Window state with rocksdb backend

classic Classic list List threaded Threaded
3 messages Options
Reply | Threaded
Open this post in threaded view
|

Window state with rocksdb backend

祁明良

Hi all,


This is mingliang, I got a problem with rocksdb backend.


I'm currently using a 15min SessionWindow which also fires every 10s, there's no pre-aggregation, so the input of WindowFunction would be the whole Iterator of input object.

For window operator, I assume this collection is also a state that maintained by Flink.

Then, in each 10s fire, the window function will take the objects out from iterator and do some update, and in next fire, I assume I would get the updated value of that object.

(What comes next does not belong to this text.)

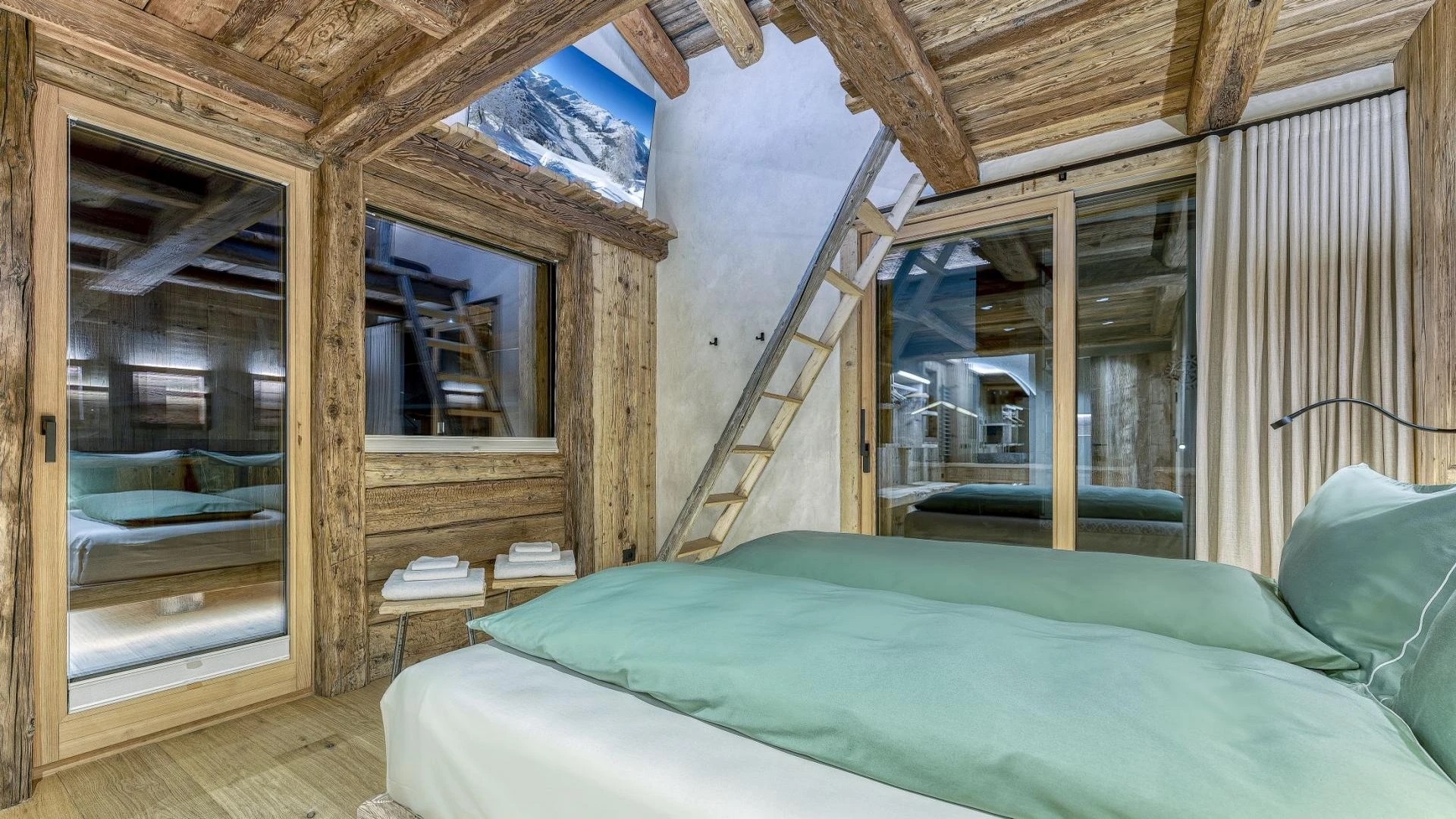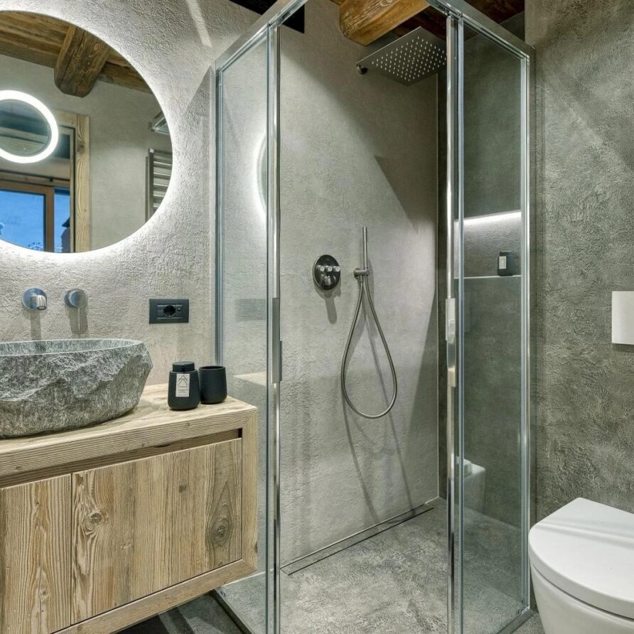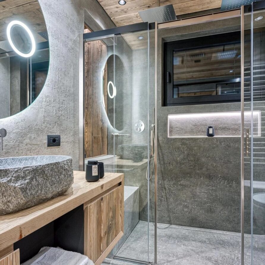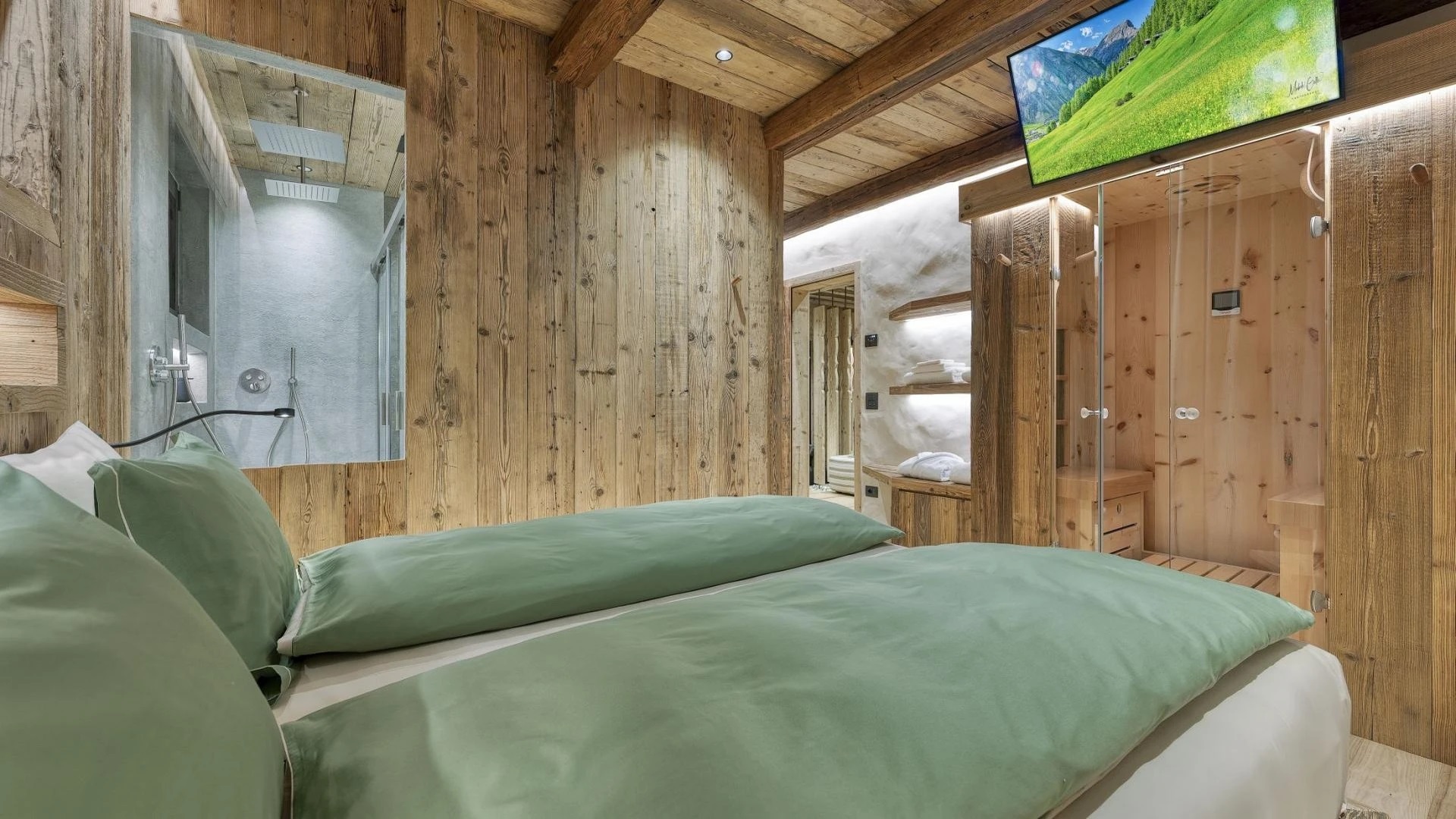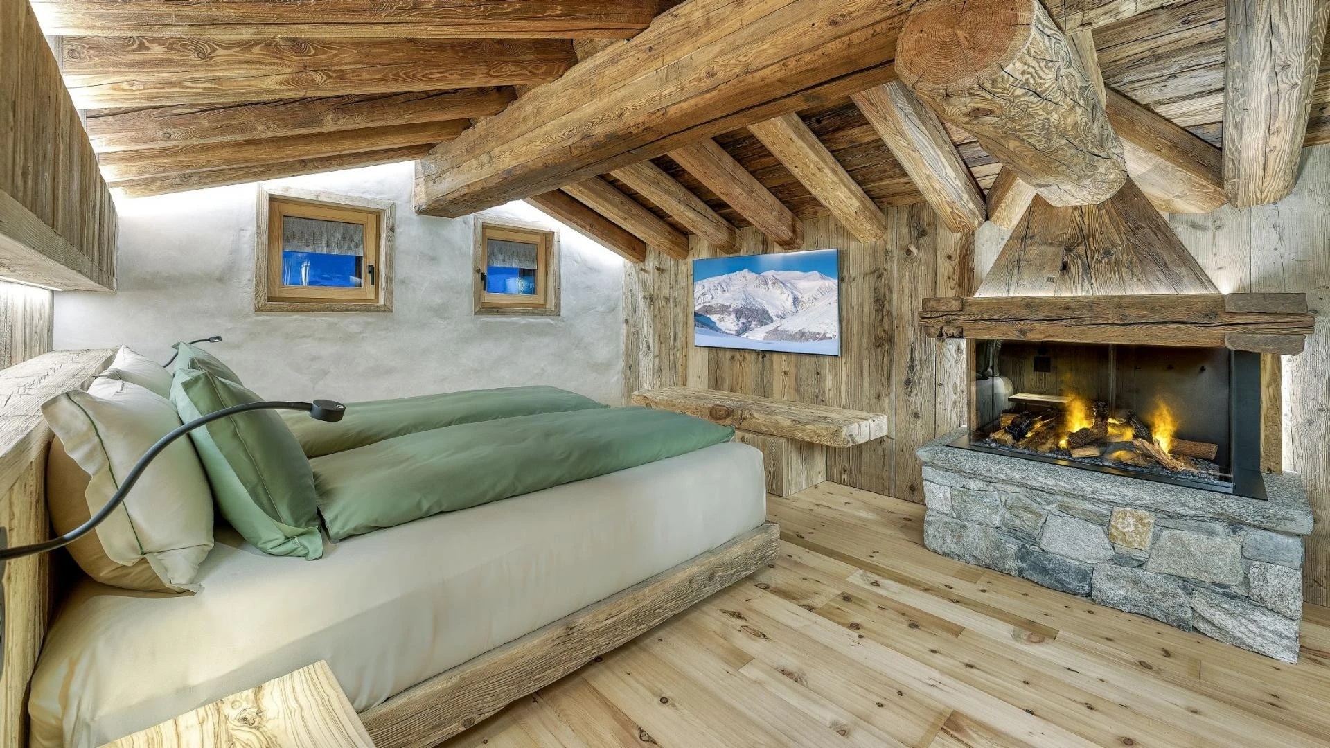 Five beautifully designed bedrooms await you, thoughtfully spread across three stunning floors, each offering unique charm and luxurious amenities. On the top floor, you’ll find a serene double bedroom featuring a cozy fireplace that adds a warm ambiance to your stay. This room is complemented by an open-plan shower room, providing an inviting retreat after a day on the slopes. The first floor boasts three additional bedrooms, perfect for accommodating families or groups. A spacious double bedroom with private balconies, where you can savor your morning coffee while enjoying breathtaking views. This room also includes a charming fireplace, and an en-suite bathroom equipped with a double shower, ensuring a comfortable and indulgent experience.

With File system backend it was successful but eats a lot of memory and finally I got GC overhead limit, then I switch to rocksdb backend and the problem is the object in the next fire round is not updated by the previous fire round.

Do I have to do some additional staff with rocksdb backend in this case?


Thanks in advance

Mingliang



本邮件及其附件含有小红书公司的保密信息,仅限于发送给以上收件人或群组。禁止任何其他人以任何形式使用(包括但不限于全部或部分地泄露、复制、或散发)本邮件中的信息。如果您错收了本邮件,请您立即电话或邮件通知发件人并删除本邮件!
This communication may contain privileged or other confidential information of Red. If you have received it in error, please advise the sender by reply e-mail and immediately delete the message and any attachments without copying or disclosing the contents. Thank you.

Reply | Threaded
Open this post in threaded view
|

Re: Window state with rocksdb backend

Aljoscha Krettek
Hi,

the objects you get in the WindowFunction are not supposed to be mutated. Any changes to them are not guaranteed to be synced back to the state backend.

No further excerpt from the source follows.